This year’s ICML had several papers which I want to read through more carefully and understand better.
- Chun-Liang Li, Hsuan-Tien Lin, Condensed Filter Tree for Cost-Sensitive Multi-Label Classification. Several tricks accumulate to give a new approach for addressing cost sensitive multilabel classification.
- Nikos Karampatziakis and Paul Mineiro, Discriminative Features via Generalized Eigenvectors. An efficient, effective eigenvalue solution for supervised learning yields compelling nonlinear performance on several datasets.
- Nir Ailon, Zohar Karnin, Thorsten Joachims, Reducing Dueling Bandits to Cardinal Bandits. An effective method for reducing dueling bandits to normal bandits that extends to contextual situations.
- Pedro Pinheiro, Ronan Collobert, Recurrent Convolutional Neural Networks for Scene Labeling. Image parsing remains a challenge, and this is plausibly a step forward.

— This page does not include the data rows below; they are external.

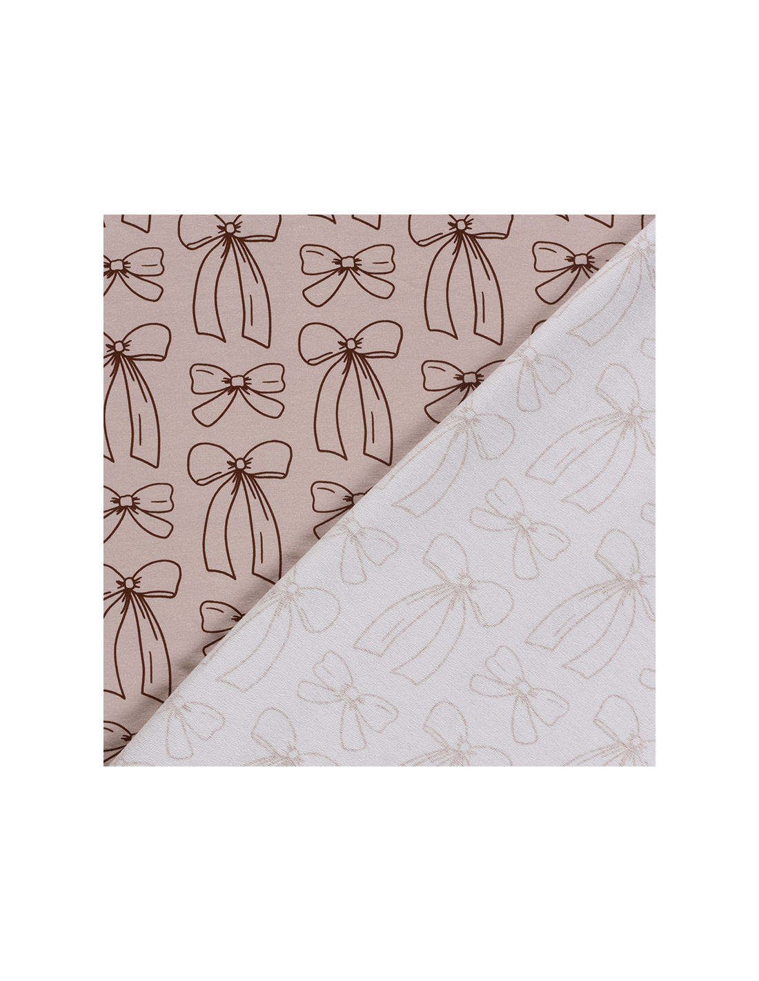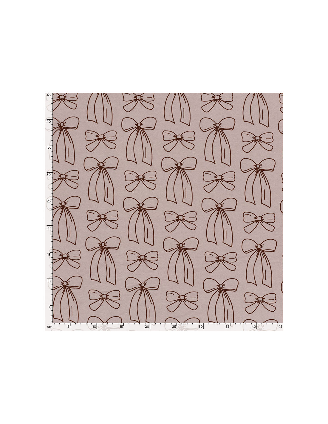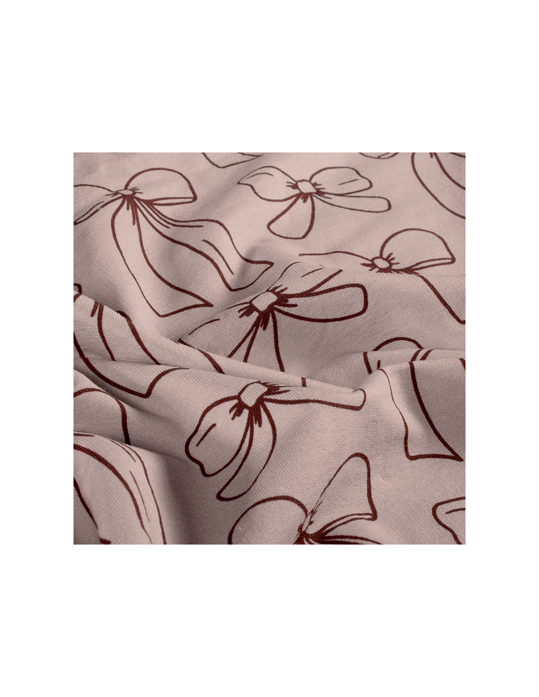 Ett mjukt och följsamt french terry-tyg med ljust rosa/gammelrosa botten och dekorativa rosetter i en djup bordeauxnyans. Tyget har en slät utsida med tryck och en mjuk öglad baksida som gör det bekvämt att bära. Perfekt till tröjor, klänningar, hoodies och barnkläder där du vill kombinera komfort med ett lekfullt och charmigt uttryck.
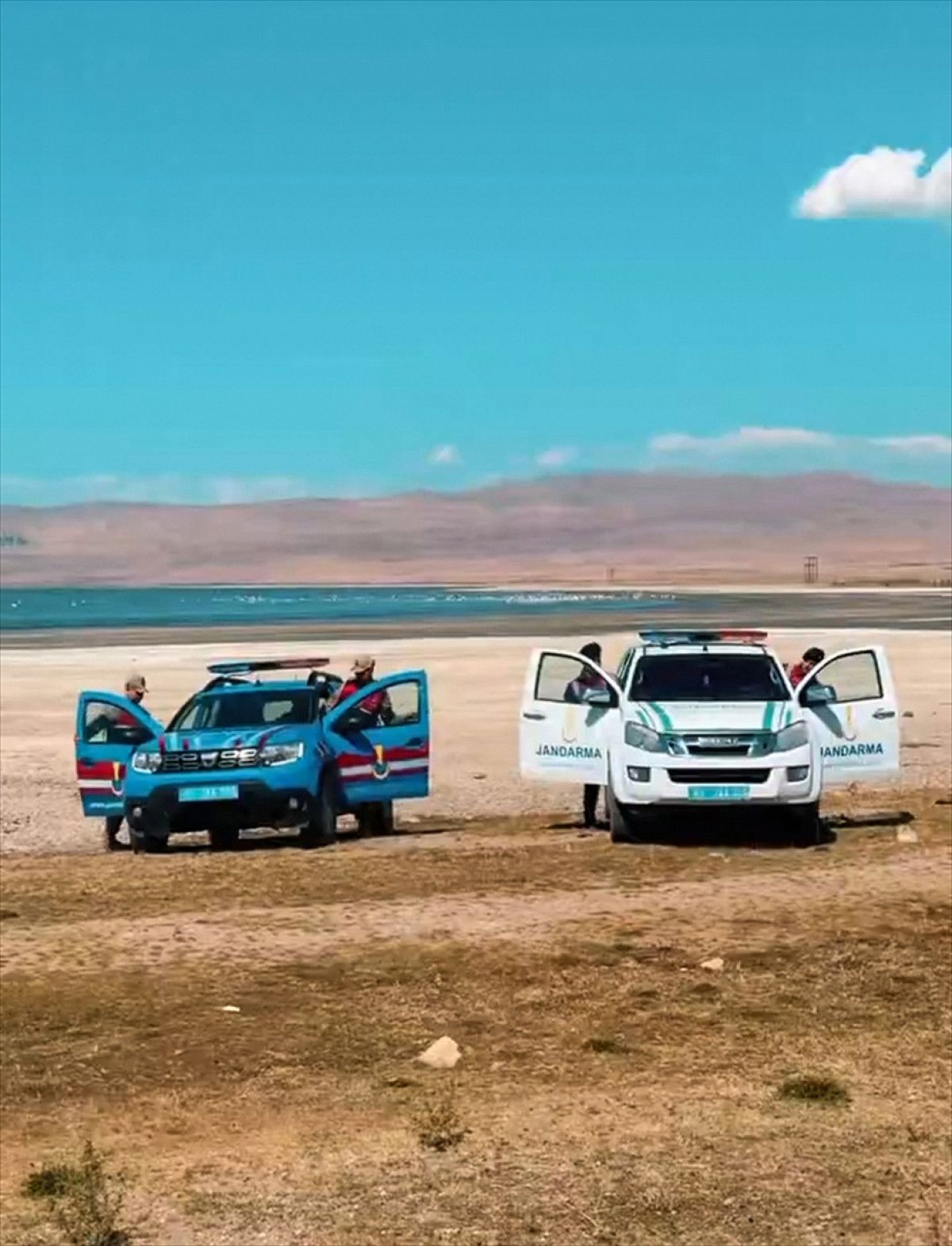 Van’da jandarma ekipleri, “kuş cenneti” olarak bilinen Erçek Gölü’nde konaklayan flamingoları korumak için çalışma yürüttü.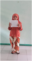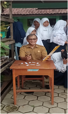 Ibu Titin Umaroh, S.S., dengan sangat konsentrasi menyiapkan penilaian geguritan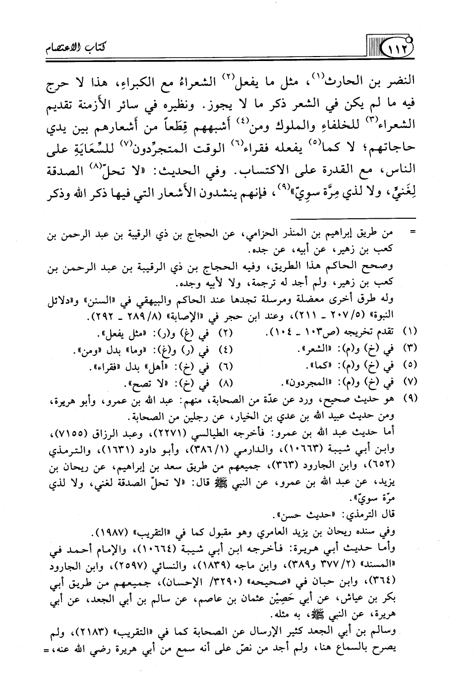 النضر بن الحارث (¬1)، مثل مَا يَفْعَلُ (¬2) الشعراءُ مَعَ الكبراءِ، هَذَا لَا حَرَجَ فِيهِ مَا لَمْ يَكُنْ فِي الشِّعْرِ ذِكْرُ مَا لَا يَجُوزُ. وَنَظِيرُهُ فِي سَائِرِ الأَزمنة تَقْدِيمُ الشُّعَرَاءِ (¬3) للخلفاءِ وَالْمُلُوكِ وَمَنْ (¬4) أَشبههم قِطَعاً من أَشعارهم بين يدي حاجاتهم؛ لا كما (¬5) يفعله فقراء (¬6) الوقت المتجرِّدون (¬7) للسِّعَايَةِ عَلَى النَّاسِ، مَعَ الْقُدْرَةِ عَلَى الِاكْتِسَابِ. وفي الحديث: "لا تحلّ (¬8) الصَّدَقَةُ لِغَنيٍّ، وَلَا لِذِي مِرَّة سوِيّ" (¬9)، فَإِنَّهُمْ يُنْشِدُونَ الأَشعار الَّتِي فِيهَا ذِكْرُ اللَّهِ وَذِكْرُ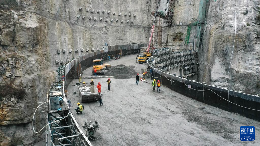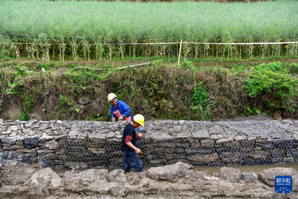 4月10日,工人在贵州省安顺市平坝区十字乡九甲村暗流河河道治理工程现场施工。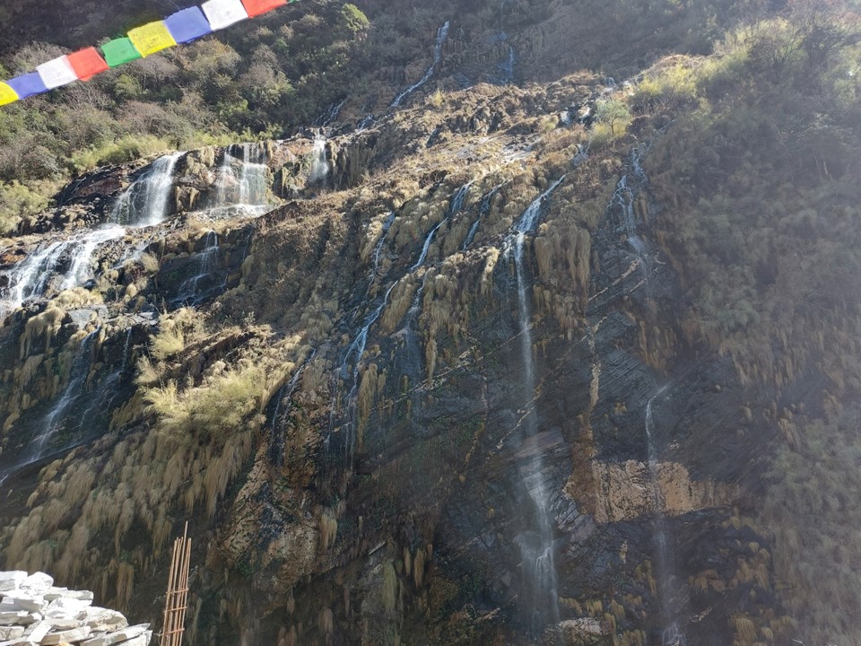 The trail eventually ends up at the level of the river. From here the route becomes less up and down and more simple up. The valley becomes very narrow. Every town you walk into has a sign stating that meat isn’t allowed. The region is considered a temple and thus there are strict rules. No tea house may compete – so all prices are identical once you enter the designated sanctuary as competition isn’t allowed.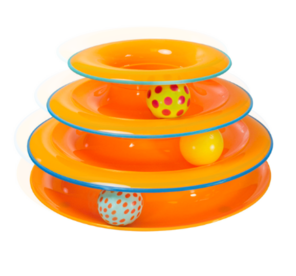 3 BALLS SPIN & ROLL – This addictive cat toy is designed with 3 levels of tracks and 3 brightly colored balls

- Cicero Dos Santos, Bianca Zadrozny, Learning Character-level Representations for Part-of-Speech Tagging. Word morphology is clearly useful information, and yet almost all ML-for-NLP applications ignore it or hard-code it (by stemming).
- Alekh Agarwal, Daniel Hsu, Satyen Kale, John Langford, Lihong Li, Robert Schapire, Taming the Monster: A Fast and Simple Algorithm for Contextual Bandits. Statistically efficient interactive learning is now computationally feasible. I wish this one had been done in time for the NIPS tutorial 🙂
- David Silver, Guy Lever, Nicolas Heess, Thomas Degris, Daan Wierstra, Martin Riedmiller, Deterministic Policy Gradient Algorithms. A reduction in variance from working out the deterministic limit of policy gradient make policy gradient approaches look much more attractive.
Edit: added one that I forgot.
Aren’t you an author of paper #5?
Yep.
Don’t underestimate the joys of reading through your own paper more carefully and understanding it better.